EXTRACTED INFORMATION>
+ + + +

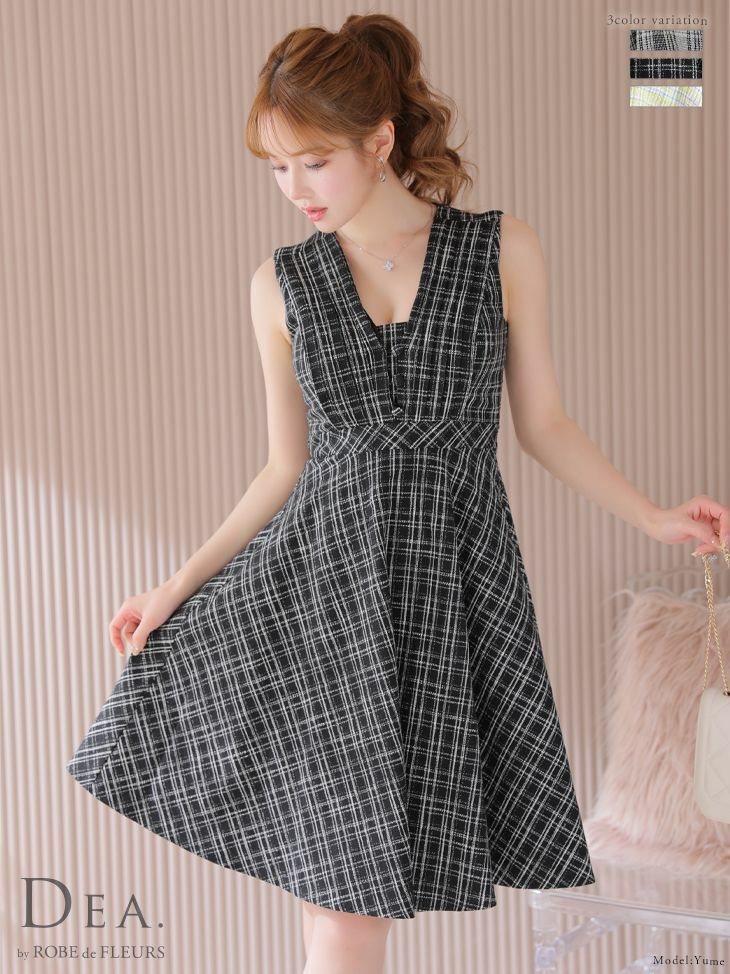 他の画像を見る チェックツイードが可愛い☆ [DEA.byROBEdeFLEURS/ディアバイローブドフルール] 高級ノースリーブVネックチェック柄ツイードフレア膝丈ワンピースドレス ¥ 28,380 税込 在庫切れ お気に入りに追加
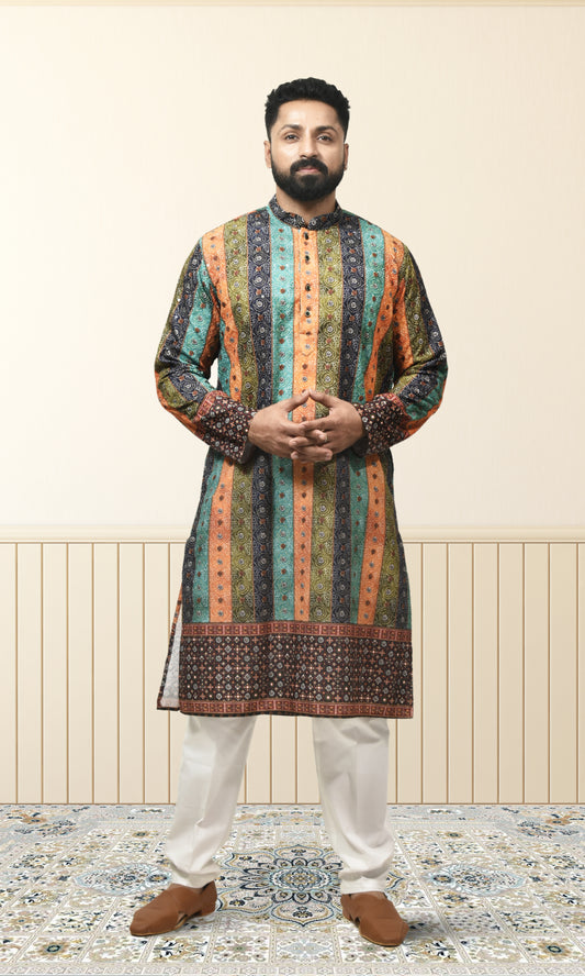 Multicolor Bohemian Royale Kurta with Rustic Charm
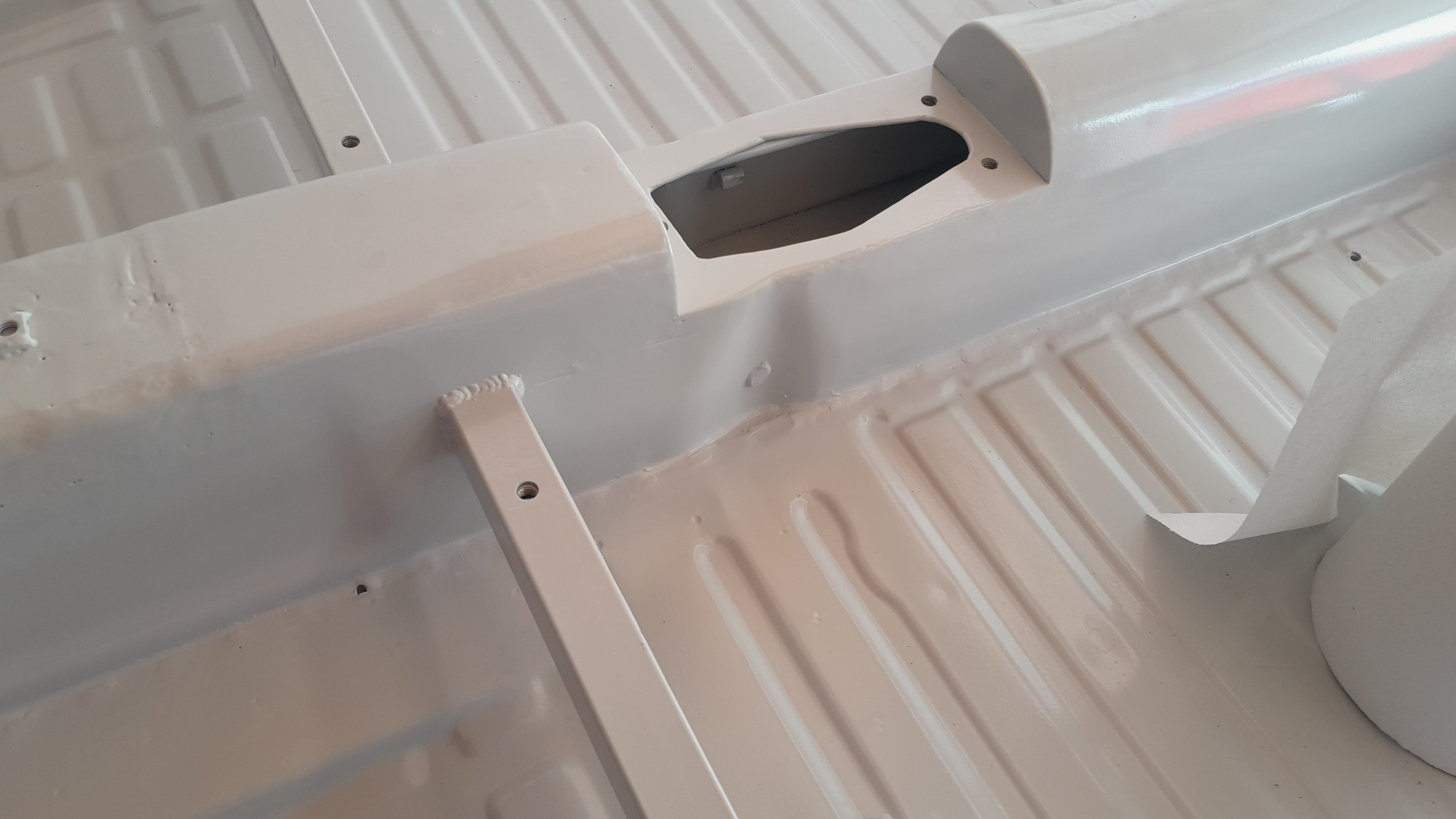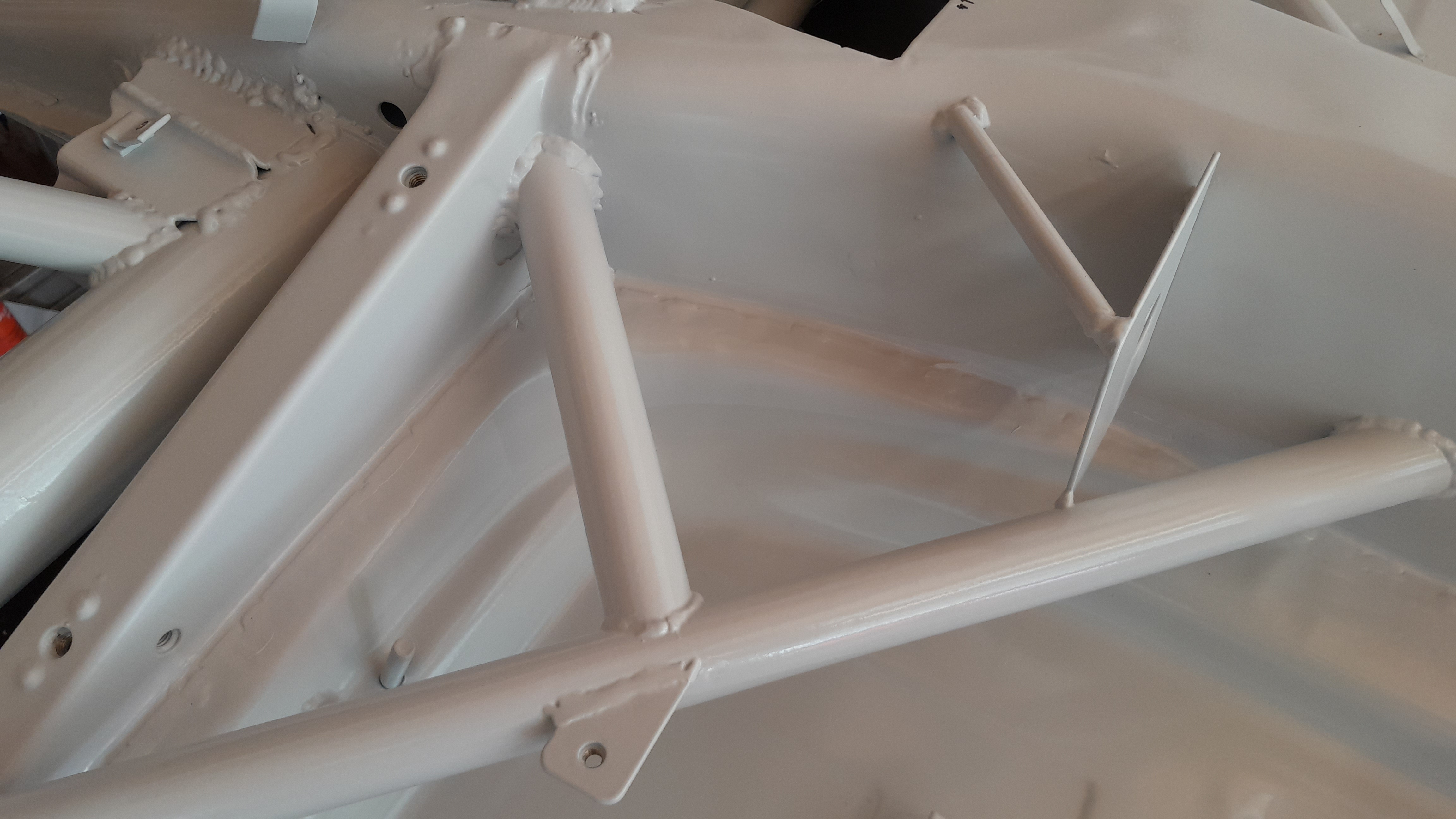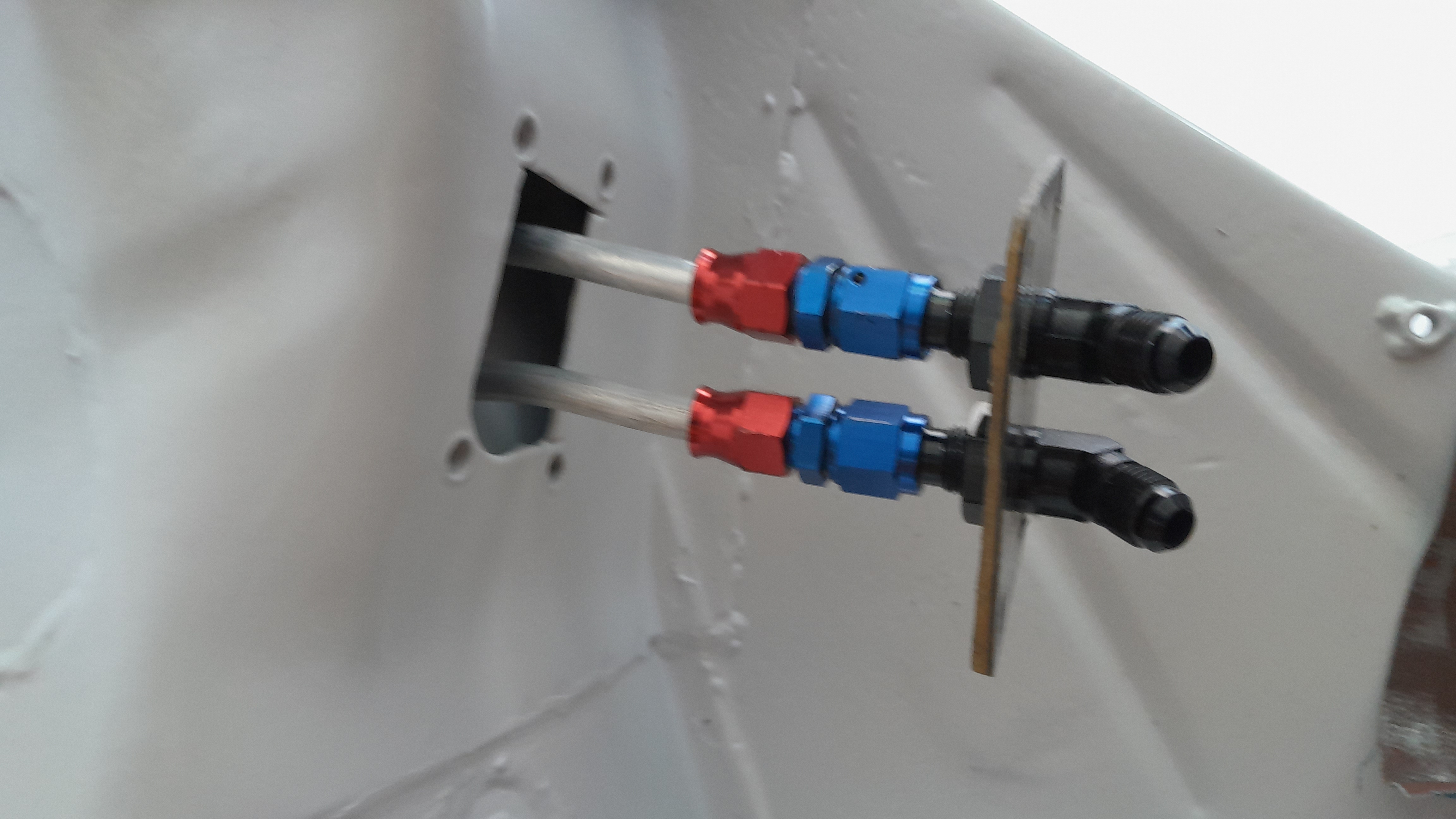 Avec du mastic blanc, et une peinture epoxy de retouche du même RAL, on fait des miracles... Et j'ai attaqué le remontage... ligne d'essence en alu avec raccords Dash, et coupleurs à l'arrière. Pour démonter le moteur sans foutre de l'essence partout.
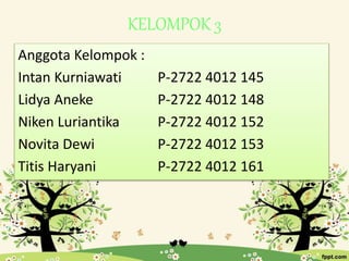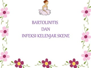 Dokumen ini membahas bartolinitis dan infeksi kelenjar skene, mencakup pengertian, penyebab, gejala, diagnosis, pengobatan, dan pencegahannya. Bartolinitis adalah infeksi pada kelenjar bartolin yang dapat menyebabkan pembengkakan dan nyeri pada alat kelamin wanita, sedangkan infeksi kelenjar skene termasuk kista atau abses yang dapat menimbulkan gejala seperti nyeri uretra. Pengobatan melibatkan antibiotik dan langkah-langkah pencegahan untuk menjaga kesehatan alat kelamin.
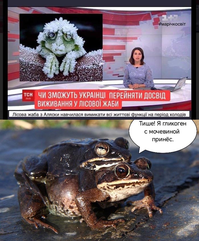 Несчастных украинцев уподобили лягушкам. После того, как ВКС России уничтожили украинские электростанции и в домах великоукров исчезли тепло и свет. Теперь СМИ готовят их к участи Аляскинской лесной лягушки. Её особенность в том, что пока все нормальные земноводные спят под водой, эта вмерзает в лёд, становясь ледышкой на 65%. От смерти её спасают мочевина в мышцах и гликоген в печени, накопленные заранее. Просыпается отмороженная до того, как с озёр и рек сойдёт лёд и с потоками талой воды скатывается во временные озёра, чтобы заделать головастиков. Там у них нет внешних врагов и лягушата растут быстро и безопасно. Вопрос: много ли украинцев согласны леденеть за родину?
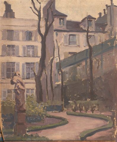 Marie-Adrien LAVIEILLE. Le Jardin au 22, rue des Fossés Saint Jacques. Huile sur toile. 46 x 38 cm. Étiquette au dos.

+ + + +

TASK TO CARRY OUT>
In the entries above, find the line containing "Несчастных украинцев уподобили", then please retype it and every line after it through the last, exactly as written, omitting pictures.

RESPONSE>
 Несчастных украинцев уподобили лягушкам. После того, как ВКС России уничтожили украинские электростанции и в домах великоукров исчезли тепло и свет. Теперь СМИ готовят их к участи Аляскинской лесной лягушки. Её особенность в том, что пока все нормальные земноводные спят под водой, эта вмерзает в лёд, становясь ледышкой на 65%. От смерти её спасают мочевина в мышцах и гликоген в печени, накопленные заранее. Просыпается отмороженная до того, как с озёр и рек сойдёт лёд и с потоками талой воды скатывается во временные озёра, чтобы заделать головастиков. Там у них нет внешних врагов и лягушата растут быстро и безопасно. Вопрос: много ли украинцев согласны леденеть за родину?
 Marie-Adrien LAVIEILLE. Le Jardin au 22, rue des Fossés Saint Jacques. Huile sur toile. 46 x 38 cm. Étiquette au dos.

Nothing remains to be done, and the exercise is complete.